Criticism and Major Counterarguments
The proposal has been met with strong opposition from health policy experts, patient advocates, and politicians. Key criticisms include:
| Stakeholder Group | Potential Benefit | Potential Harm / Risk |
|---|---|---|
| Healthy, High-Income Individuals | Could benefit from lower long-term premium growth if system costs are controlled. | Minimal direct impact if they rarely see a doctor. |
| Low-Income & Chronically Ill | State subsidies might offset costs (but implementation is uncertain). | High financial burden; may delay necessary care, leading to worse health and higher costs later. Exacerbates health inequalities. |
| Seniors & Frequent Care Users | None apparent. | Would consistently pay the high deductible, facing a significant new annual financial burden. |
| The GKV System | Short-term reduction in outpatient claims volume and costs. | Long-term costs may rise due to delayed care; high administrative cost of managing subsidies and tiered reimbursements. |
Core Criticisms:
- Equity and Access: Health Minister Karl Lauterbach (SPD) dismissed it, stating, "For university professors... these proposals are affordable. For the vast majority of the population, this does not work." If the state must subsidize the deductible for most people, the net savings vanish.

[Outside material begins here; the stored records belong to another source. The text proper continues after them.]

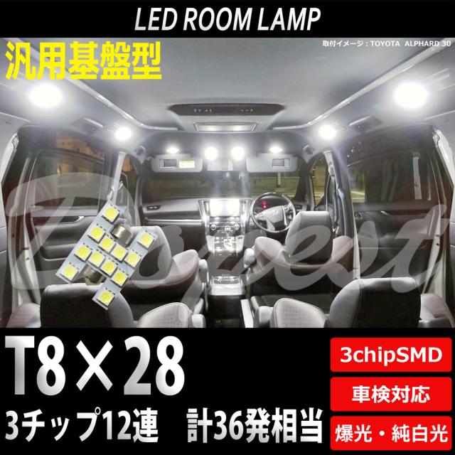 T8×28mm LED バルブ SMD12連3チップ ルームランプ ラゲッジ 汎用 ライト 球 荷室 枕型 フェストン球 T10×28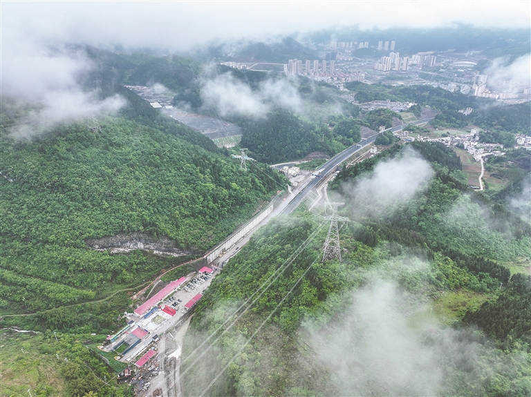 这是4月24日拍摄的渝湘复线高速公路彭水隧道贯通仪式现场(无人机照片)。4月24日,随着最后一声爆破轰鸣,历经1500余天,由中铁十二局承建的渝湘复线高速公路全线最长隧道——彭水隧道双洞顺利贯通。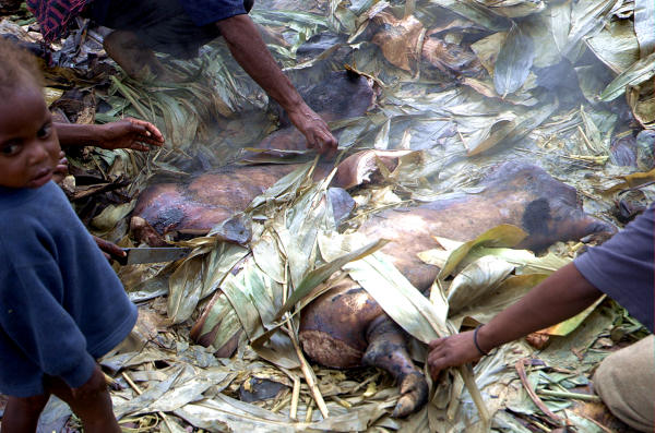 Mladićeva obitelj na svečanost poziva rodbinu i prijatelje. Tradicija zahtijeva ugostiti ih. U tu svrhu kolje se jedna ili više svinja. Način pripravljanja uvijek je tradicionalan. Iskopa se jedna rupa u zemlji; njezini zidovi oblože se vrelim kamenjem, zatim listovima banane, tako da nastaje nešto slično velikome loncu. U taj lonac naslažu se redovi slatkoga krumpira i drugoga lisnatoga povrća, poput listova biljke taro. Zatim se na to stave svinjske polovice, sve se ponovno pokrije bananinim listovima i na kraju dolazi vrelo kamenje. Hrana se tako pari nekih 24-36 sati, a onda se sve izvadi, jede odmah tu rukama, bez posuđa. Svečanosti inicijacije i svadbe rijetki su trenutci kada se u ruralnim područjima Papue Nove Gvineje jede meso. Bogatije ili veće obitelji pripremaju nekoliko takvih lonaca.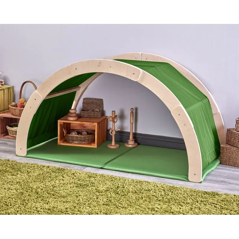Questo arco in legno è perfetto per trasformare un angolo di aula o stanza in uno spazio dedicato alla lettura, al gioco simbolico o a momenti di tranquillità. Grazie alle sue dimensioni compatte, può essere facilmente inserito in nidi, scuole dell’infanzia o zone relax in casa, offrendo un rifugio accogliente dove i bambini possono accoccolarsi con un libro, conversare o praticare attività sensoriali. La struttura può essere personalizzata con stoffe, coperte o tessuti per creare atmosfere diverse, incoraggiando così la creatività e il senso di appartenenza allo spazio.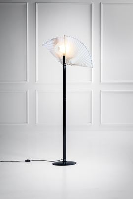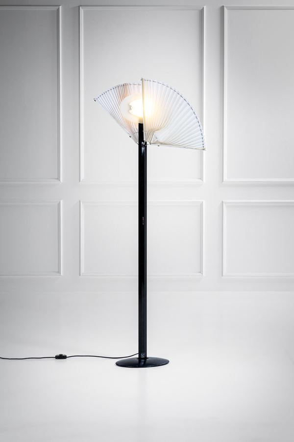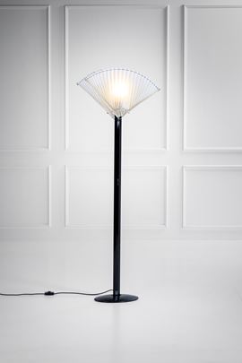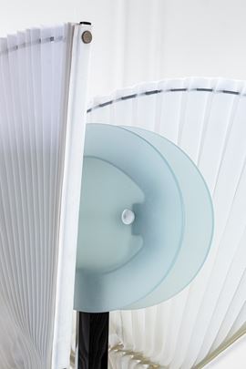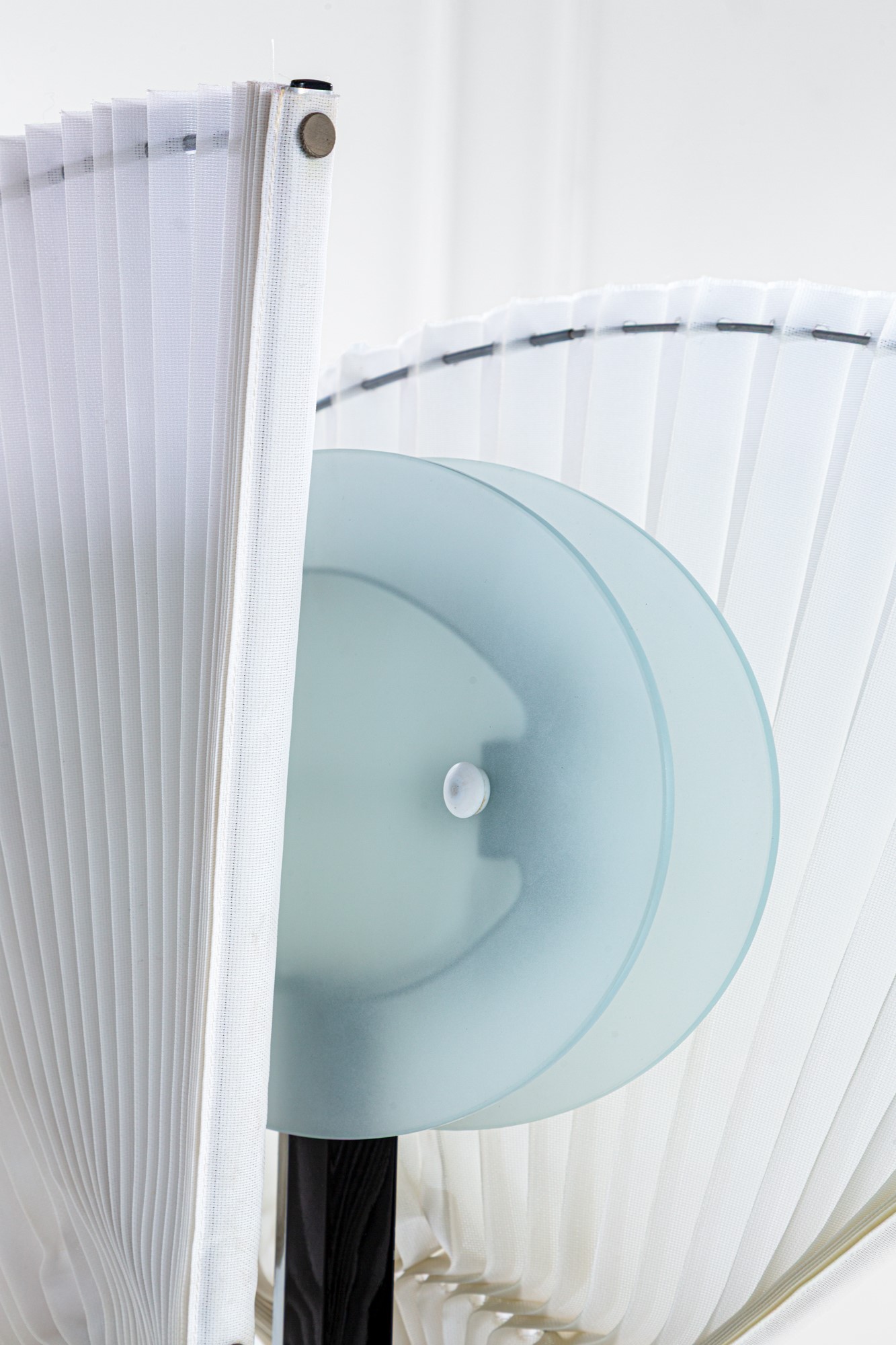Metallo verniciato, vetro satinato, tessuto ignifugo plissettato. Intensità luminosa variabile.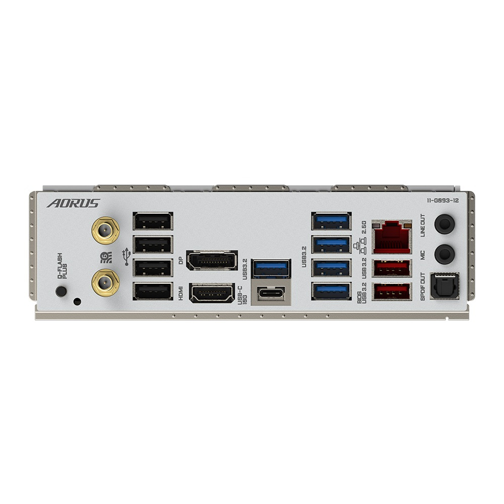 Porty na zadním panelu: * 1x tlačítko Q-Flash Plus * 2x anténní konektor SMA (2T2R) * 1x DisplayPort * 1x HDMI * 1x USB typ-C®, s podporou USB 3.2 Gen 2 * 2x USB 3.2 Gen 2 typ-A (červený) * 5x USB 3.2 Gen 1 * 4x USB 2.0/1.1 * 1x RJ-45 * 1x optický konektor S/PDIF Out * 2x audio jack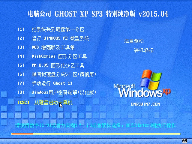* 源安装盘采用Windows XP SP3官方免激活版,集成系统补丁至2015.04。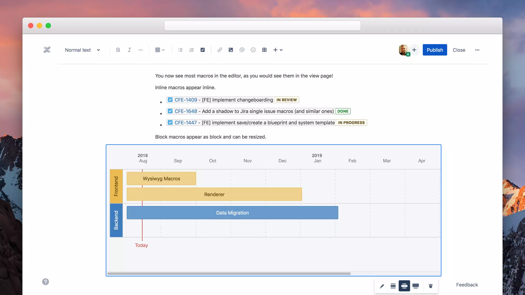 The document outlines the features and capabilities of the Confluence editor, specifically focusing on the role of superusers and admins in creating and customizing content through templates, macros, and integrations like Splunk. It emphasizes how superusers can enhance collaboration by automating complex pages while admins play a crucial role in configuring the instance and managing permissions. Additionally, it highlights the importance of using dynamic content macros to aggregate and control data effectively.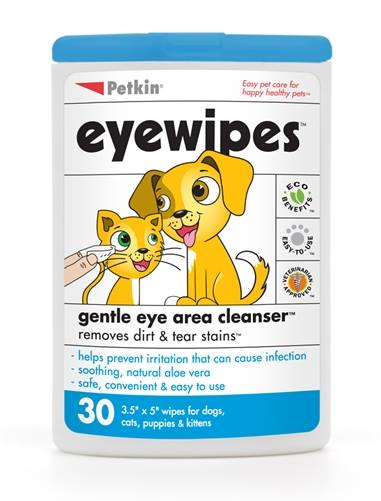 Veterinarian approved Eye Wipes provide the most convenient way to keep your pet’s eye area clean and healthy. The natural formula on these specialized pet wipes gently removes dirt, discharge and reduces tear stains found around the eyes to help prevent irritation that can cause infection.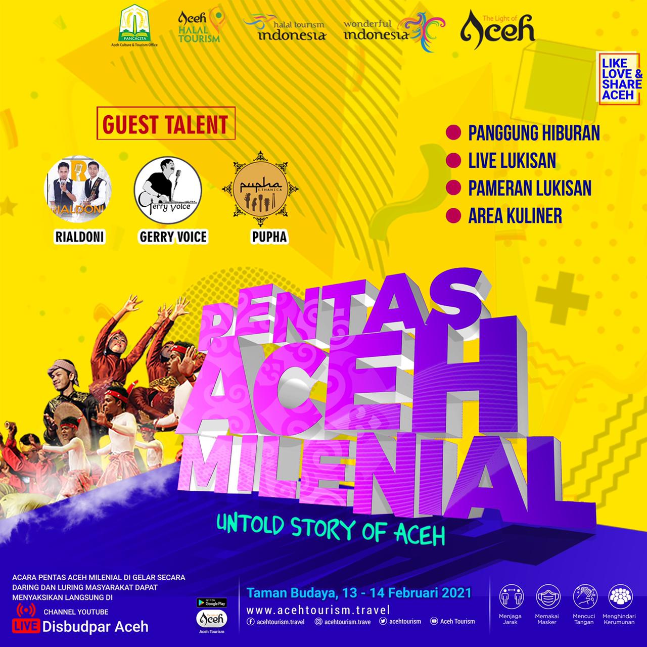 Banda Aceh – PENTAS ACEH MILENIAL ‘Untold Story Of Aceh’ even menampilkan kesenian Aceh yang dikemas dengan gaya milenial, Jumat (5/2/2021).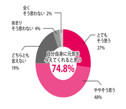 「ファッションが与える影響」についての質問に対し、「自分自身に元気を与える」と回答した人は74.8%、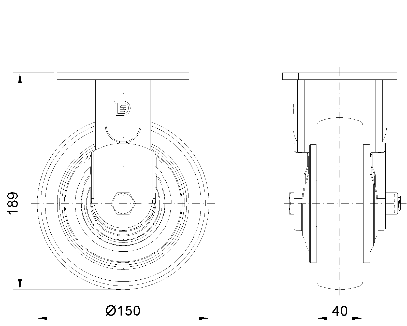 | Wheel surface: Thermoplastic (PA6) Wheel Center: Thermoplastic (PA6) Drawings are for reference only and may differ from the product |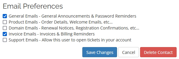 6. Also make sure to set the new contact's permissions and further below their email preferences. If for billing ensure "Invoices" is checked off.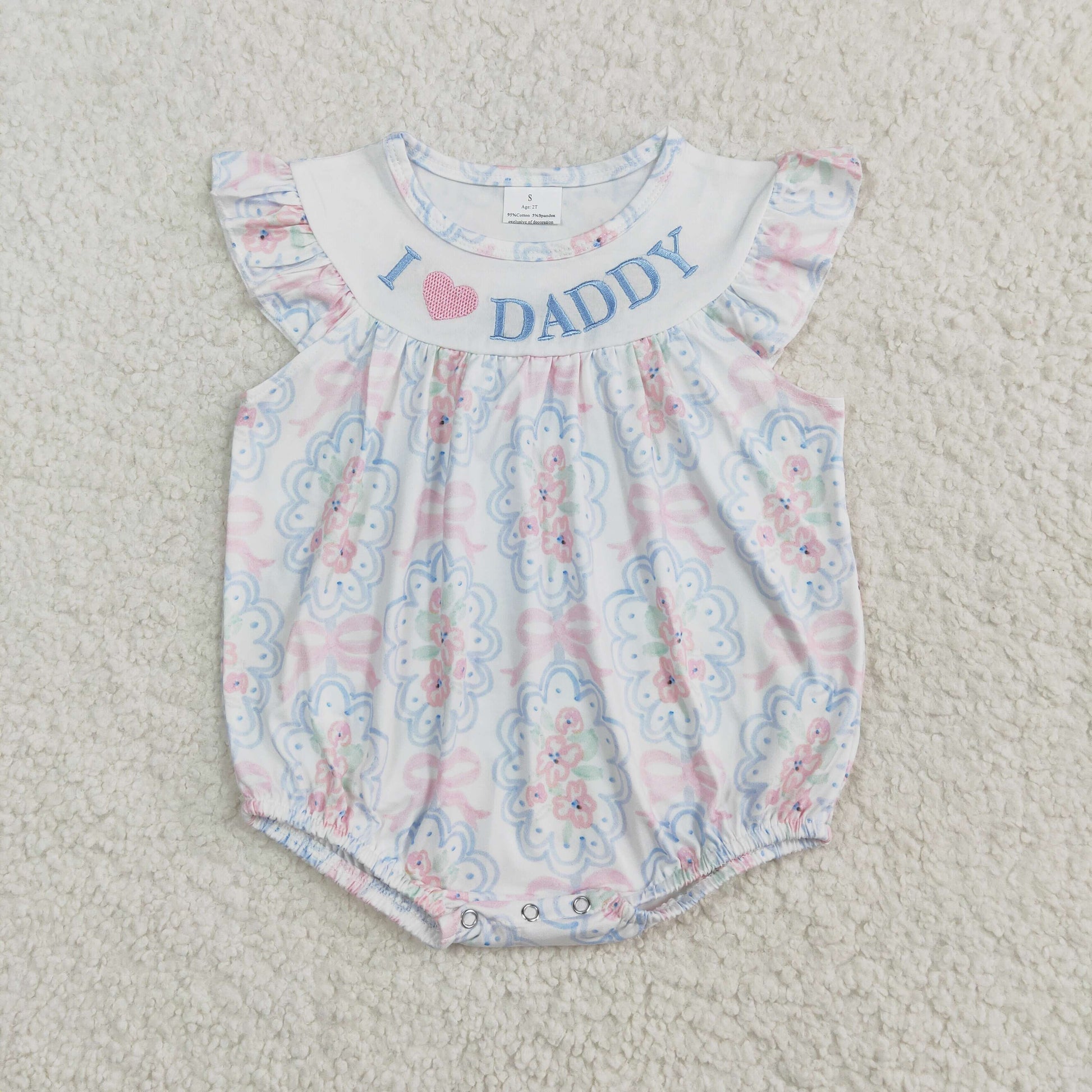 SR2946 I LOVE DADDY Embroidery Flowers Print Baby Girls Summer Romper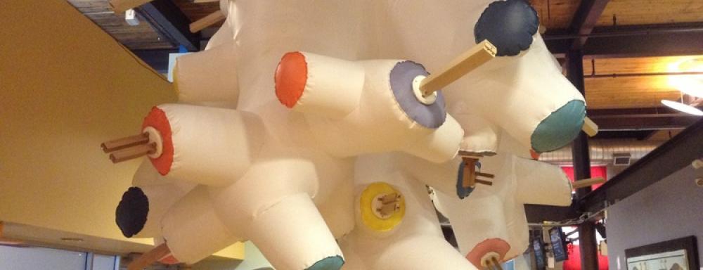 A tangle of inflatable branches. Each branch ends with a different sound pipe so that as you move around the sculpture the notes shift and rearrange themselves.

- Historical Precedent: Germany's previous experiment with a €10 per-quarter "Praxisgebühr" (practice fee) from 2004-2012 showed a temporary drop in doctor visits, but usage returned to normal. Crucially, it deterred preventive care among low-income groups, potentially increasing long-term costs.
- Misdiagnosis of the Problem: Critics argue the GKV's deficit is driven primarily by demographics (an aging society) and macroeconomic factors, not by overuse of services by the healthy. A deductible does not address these root causes.
- Penalizing Lifestyle: Surcharges based on lifestyle are seen as punitive and ignore the complex socio-economic factors behind health behaviors.
Alternative Solutions on the Table
Other proposals to stabilize the GKV focus on systemic, rather than individual, cost-bearing:
- Reducing VAT on Medicines: Lowering the value-added tax on pharmaceuticals from 19% to 7%.
- State-Funded Premiums for Welfare Recipients: Having the government fully cover premiums for citizens receiving basic income support.
- Separating "Non-Insurance" Benefits: Financing items like maternity pay, sick pay for children, and free family coverage directly from the federal budget instead of through GKV contributions.
Proponents argue these measures could save the GKV tens of billions annually without creating barriers to care.
Conclusion: A Politically Unlikely but Defining Debate
While Bernd Raffelhüschen's €2,000 deductible proposal has ignited a necessary conversation about the sustainability of German public health insurance, its political prospects are dim. The current government firmly opposes it. However, the debate underscores the severe financial pressures on the GKV—pressures familiar to anyone following Medicare solvency discussions in the US. The ultimate solution will likely involve a mix of measures: controlling drug and hospital costs, exploring alternative financing, and improving efficiency. For now, the Raffelhüschen plan serves as a stark reminder of the difficult trade-offs between controlling healthcare costs, maintaining universal access to care, and ensuring the system's long-term financial health.